When you have ceased to destroy,
you will be destroyed;
and when you have stopped dealing treacherously,
you will be dealt with treacherously.
O Lord, be gracious to us; we wait for you.
Be our arm every morning,
our salvation in the time of trouble.
At the sound of tumult, peoples fled;
before your majesty, nations scattered.
Spoil was gathered as the caterpillar gathers;
as locusts leap, they leaped upon it.
The Lord is exalted; he dwells on high;
he filled Zion with justice and righteousness;
he will be the stability of your times,
abundance of salvation, wisdom, and knowledge;
the fear of the Lord is Zion’s treasure.
Listen! The people of Ariel cry out in the streets;
the envoys of peace weep bitterly.
The highways are deserted;
travelers have quit the road.
The treaty is broken;
its oaths are despised,
the people are disregarded.
The land mourns and languishes;
Lebanon is confounded and withers away;
Sharon is like a desert,
and Bashan and Carmel shake off their leaves.
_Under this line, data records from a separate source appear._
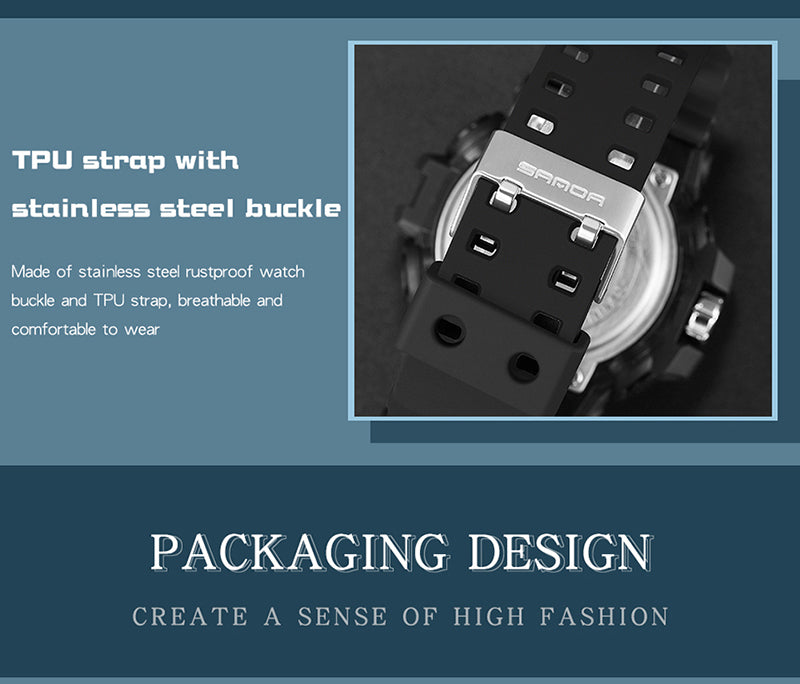 Stay ahead in style and performance with the SANDA-7800 Luxury Sports Watch, designed for men who demand both durability and fashion. With its dual display, shockproof build, and waterproof design, this multi-function sports watch is perfect for swimming, outdoor adventures, and everyday wear.
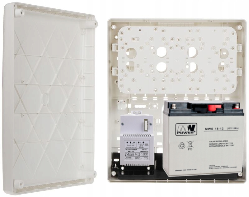 Він оснащений подвійним протидиверсійним захистом: перед відкриттям кришку та від'єднання від стіни. Тут також є місце для встановлення мережевого трансформатора на 40 ВА (у комплекті) або 60 ВА та резервного акумулятора на 12 В ємністю 7 А·год або 17 А·год (MWS 18 А·год у комплекті). Він не блокує та не послаблює радіосигнал, тому всередині можна розміщувати бездротові пристрої з антенами.
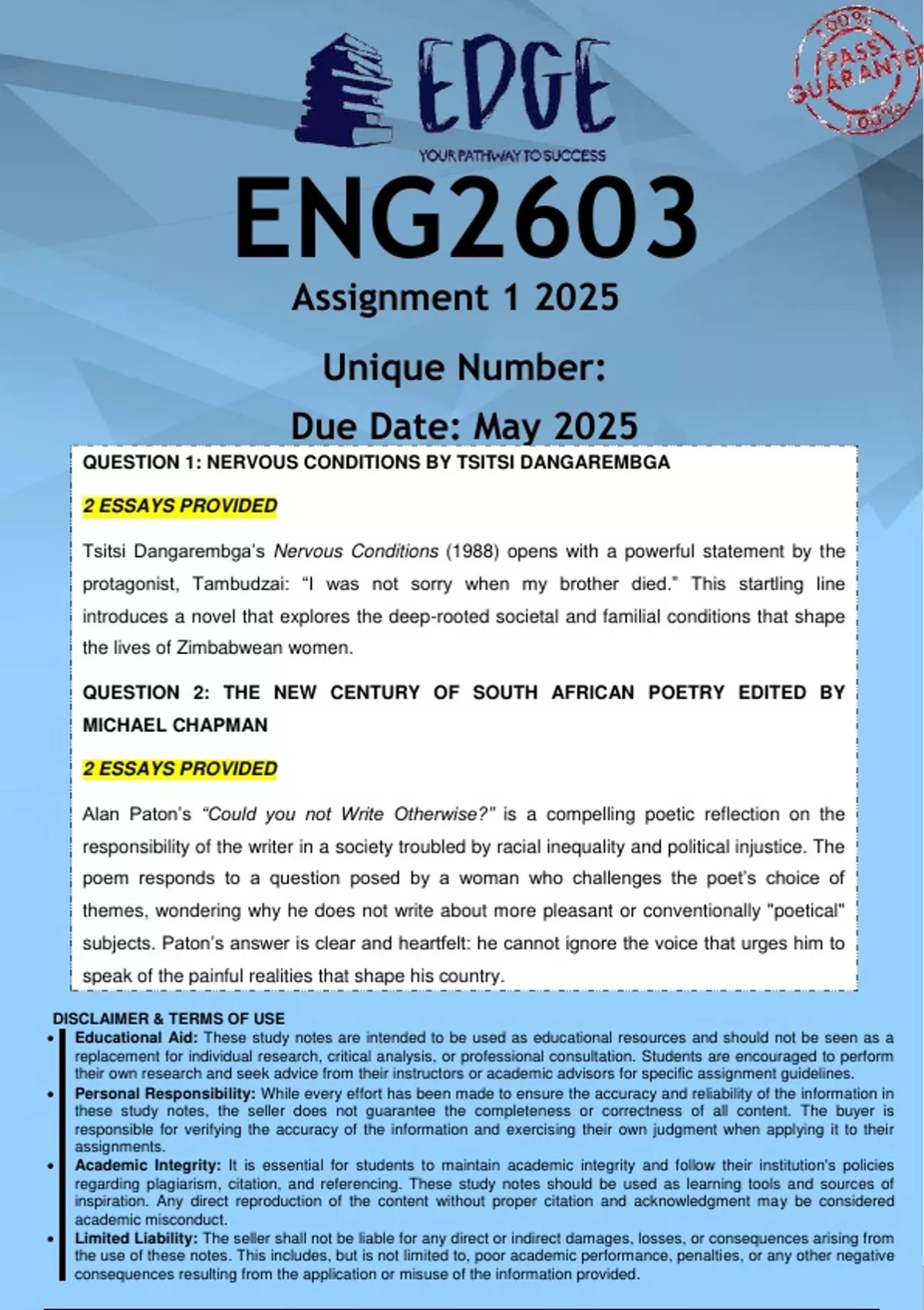 ENG2603 Assignment 1 (ANSWERS) 2025 - DISTINCTION GUARANTEED
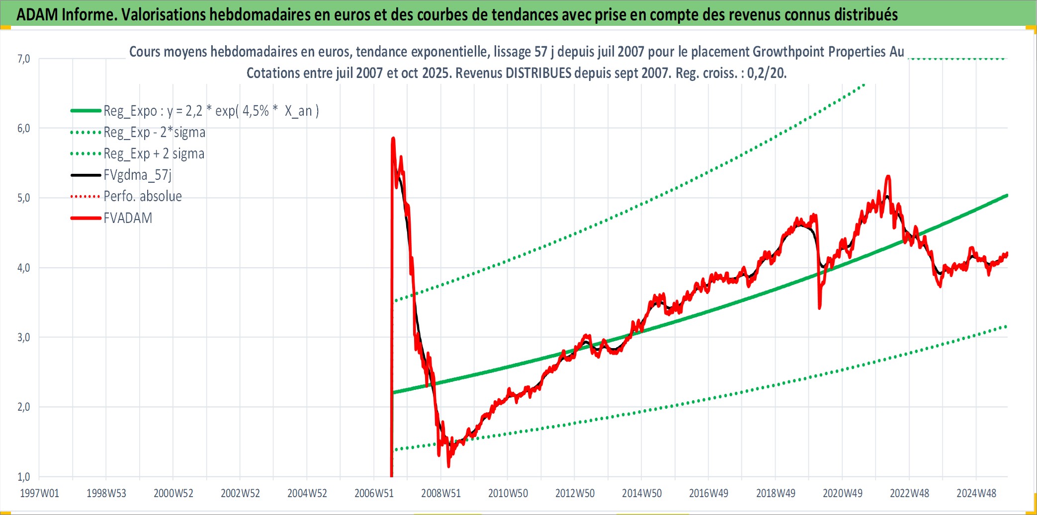 Site dédié aux investisseursPage dédiée sur site financeAnalyse des valorisations hebdomadaires de l'action Growthpoint Properties Australia. Cet actif est cote en AUD. Les valorisations sont en contrevaleur EURO et couvrent les semaines 2007W27 a 2025W44. Les revenus de cet actif financier sont pris en compte depuis la semaine 2007W39. La note ESG de cet actif n'est pas connue.

“Now I will arise,” says the Lord,
“now I will lift myself up;
now I will be exalted.
You conceive chaff; you bring forth stubble;
wind like a fire will consume you.
And the peoples will be as if burned to lime,
like thorns cut down that are burned in the fire.”
Hear, you who are far away, what I have done,
and you who are near, acknowledge my might.
The sinners in Zion are afraid;
trembling has seized the godless:
“Who among us can live with the devouring fire?
Who among us can live with everlasting flames?”
Those who walk righteously and speak uprightly,
who despise the gain of oppression,
who wave away a bribe instead of accepting it,
who stop their ears from hearing of bloodshed
and shut their eyes from looking on evil,
they will live on the heights;
their refuge will be the fortresses of rocks;
their food will be supplied, their water assured.
The Land of the Majestic King
Your eyes will see the king in his beauty;
they will behold a land that stretches far away.
Your mind will muse on the terror:
“Where is the one who counted?
Where is the one who weighed the tribute?
Where is the one who counted the towers?”
No longer will you see the insolent people,
the people of an obscure speech that you cannot comprehend,
stammering in a language that you cannot understand.
Look on Zion, the city of our appointed festivals!
Your eyes will see Jerusalem,
a quiet habitation, an immovable tent
whose stakes will never be pulled up
and none of whose ropes will be broken.
But there the Lord in majesty will be for us
a place of broad rivers and streams
where no galley with oars can go
nor stately ship can pass.
For the Lord is our judge; the Lord is our ruler;
the Lord is our king; he will save us.
Your rigging hangs loose;
it cannot hold the mast firm in its place
or keep the sail spread out.
Then the blind will divide abundant spoil,
and the lame will take plunder.
And no inhabitant will say, “I am sick”;
the people who live there will be forgiven their iniquity.
Judgment on the Nations
Draw near, O nations, to hear;
O peoples, give heed!
Let the earth hear and all that fills it,
the world and all that comes from it.
For the Lord is enraged against all the nations
and furious against all their hordes;
he has doomed them, has given them over for slaughter.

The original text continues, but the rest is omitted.